3. In your notes, assign ratings to the different levels of stimulation from 0(fine) to 10(worst). This will help you to figure out which of your senses is most sensitive. Mine are sound (shrill, unexpected noises, smacking lips), smells (body odor, garbage, microwaved food), and touch (temperature of my environment, clothes that are too restricting, unwanted affection, and people too close to me).
Example 1b: Sound = 8, Smell = 6, Touch = 7, Sight = 5, Taste = 0, Emotional Attunement = 5.
4. After you gather information in a few scenarios, pay attention to patterns and experiment with your own strategies in future similar scenarios. Take ratings to see how much things may have improved.
Some HSPs feel overwhelm from all of their senses. Some have a sense or two that dominate. As you learn which of your senses are most sensitive, you can plan ahead and create your own version of a "HSP Survival Kit" to keep on you proactively or to have in your home or office.
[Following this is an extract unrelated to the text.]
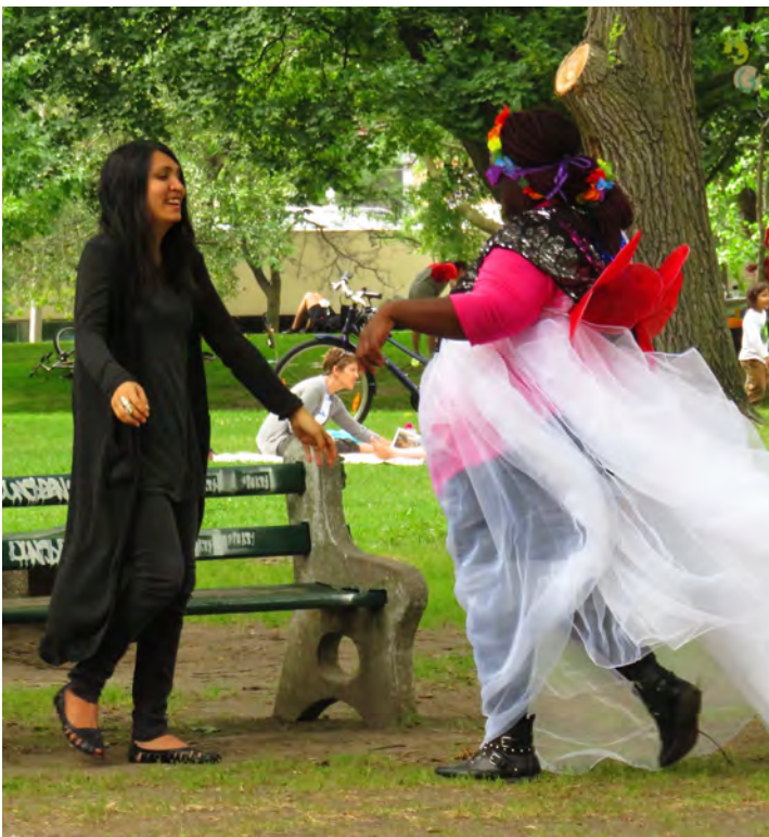
Fairy Greeter

Example 1c: To improve my overwhelm the next time I went through airport security, I wore noise cancelling headphones and listened to calm music and didn't look too hard at anyone fidgeting or nervous around me. I kept a backpack on and my carryon bag behind me to keep distance in a polite way between myself and the person behind me. I wore a light jacket with a shirt underneath in case I needed to remove it if I got hot. I also brought my portable fan in case I got hot along with my neck cooling towel. I brought hand sanitizer to use after touching the security bins (and washed my hands in the bathroom after). I brought hand lotion that smelled nice for smell overwhelm. After getting through security, I bought an ice cold water and went and found a quiet corner with less of a crowd to cut down on my peripheral vision of people moving about. I put a hat on to limit any sensory intake of people moving about even further...
Updated ratings: Sound = 3, Smell = 3, Touch = 2, Sight = 3, Taste = 0, Emotional Attunement = 1.